Внизу его первым перехватил Юра Л.

— Ну как? — подхватил тот его под локоть, увлекая к буфетной стойке. — Со щитом?

— Уже пронюхал?

— Разведка, — снисходительно похлопал тот его по плечу, — половина успеха, дарю тебе эту азбучную истину на память. — И чуть не силой усадил его за стол около себя. — Рассказывай.

Выслушав собеседника, Юра сокрушенно покачал коротко подстриженной головой, досадливо поморщился:

— Пижоны вы, какие же вы пижоны, поверь, я имею в виду не только тебя! Строите из себя могучих тактиков и стратегов, а сами не в состоянии смоделировать самый простейший вариант. Все хотите левой рукой правое ухо почесать, классиков копируете: „шаг вперед, два шага назад”, теорию компромисса разыгрываете, только никак не можете представить, что вас могут просто-напросто послать к едрене бабушке. Вы все напоминаете мне того ребе, который своего соперника-попа проучить вздумал. Не слыхал этой байки? Так слушай.
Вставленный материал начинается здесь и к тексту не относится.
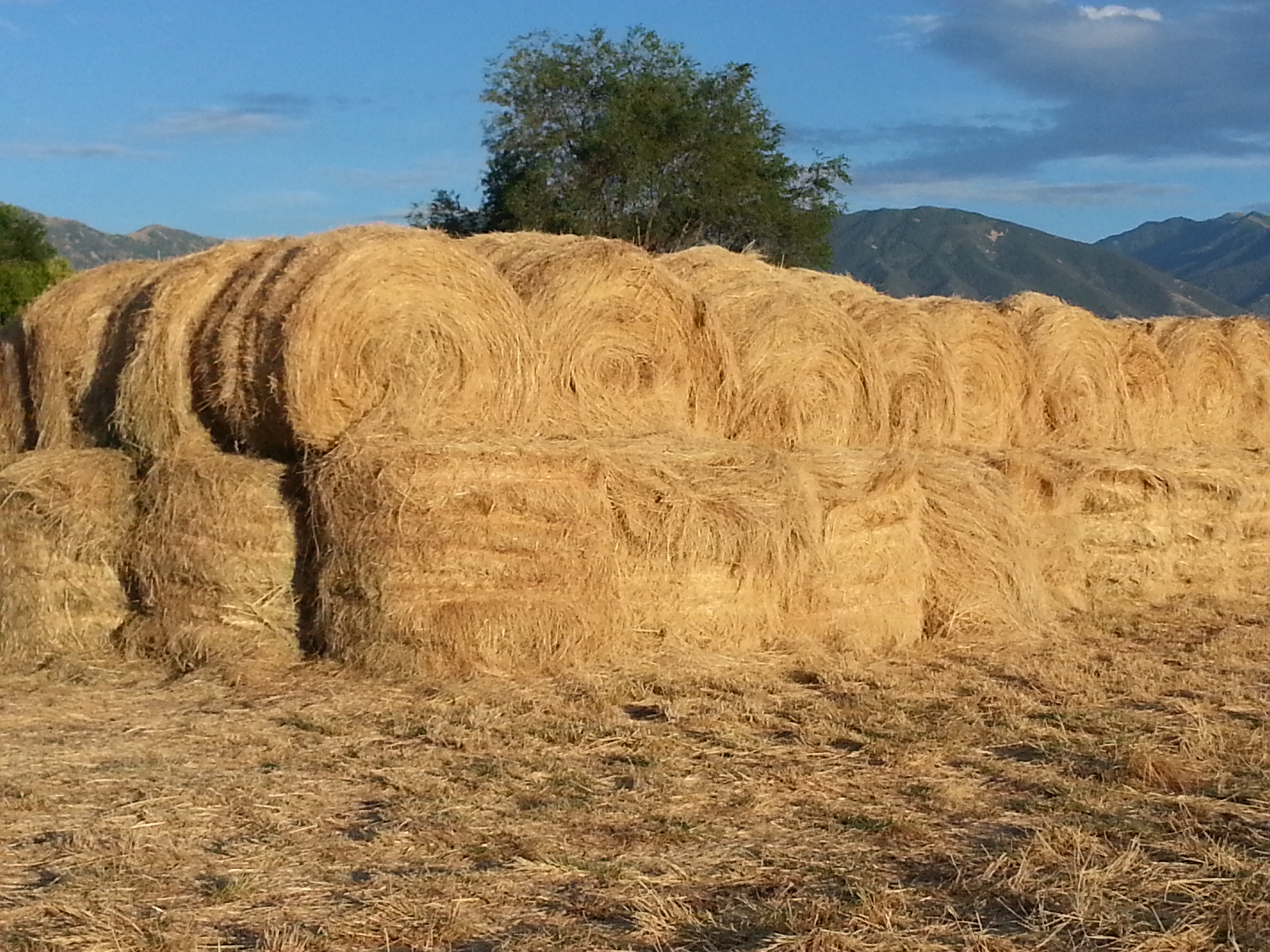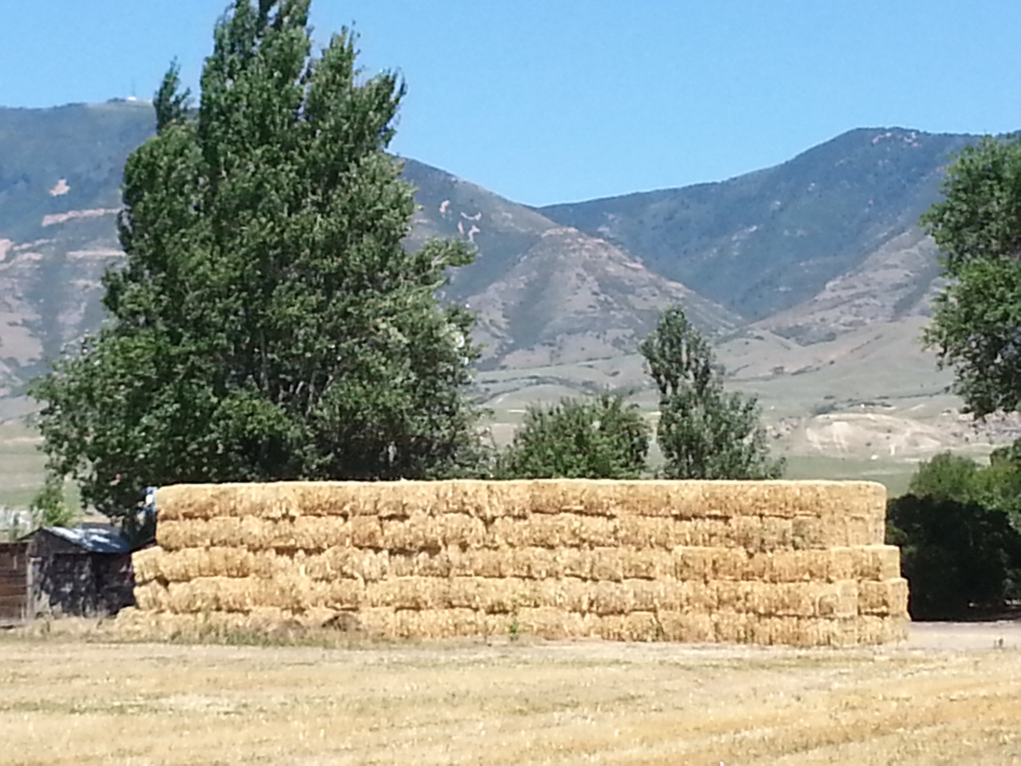 Before moving to Erda, I thought that straw and hay were two words used to describe the same substance.  Perhaps hay was the green living stuff, while straw was the cut, dried, baled, and stacked stuff.  Just different forms of the same item, like cow and beef.  I soon learned how wrong I had been.  Straw is, in fact, the harvested stalks of grain plants, especially oats.  It is generally used for animal bedding, not animal food.  Huge harvesters separate the grains from the reedy stalks, which stalks are cut and fed into a baler and bound tightly into bales.  Enormous clouds of dust follow the harvesters as they glean out the grain and chop down the stalks, also called chaff.

Идет как-то раз ребе мимо речки, глядит, батюшка городской рыбу удит, ну, думает, сейчас я его проучу. И начинает заранее прикидывать различные варианты встречи. Здороваться, думает, конечно, не буду, чести много, а лучше сразу огорошу: удится ли, мол, рыбка, батюшка? Если он, думает ребе, ответит, что удится, я ему скажу: „Дуракам везет”, а если он мне ответит, что не удится, я его еще лучше ошарашу: так, мол, тебе, дураку и надо. Подходит это ребе к батюшке, от удовольствия руки потирает: сейчас, мол, я ему врежу, гою проклятому, долго, мол, помнить меня будет. Поравнялся ребе с батюшкой, спрашивает с эдакой издевочкой: „Удится, батюшка?” А тот хоть бы что — молчит. Ладно, думает ребе, я тебя по-другому уем: „Не удится, — спрашивает, — батюшка?” А тот опять молчит. Потом поворачивается нехотя и равнодушно гудит в бороду: „А не пошел бы ты, мудак пархатый, на хер!” — Усмешка вспыхнула и погасла в его овечьих, навыкате глазах. — Ладно, закрываю тему, что будешь пить, я угощаю?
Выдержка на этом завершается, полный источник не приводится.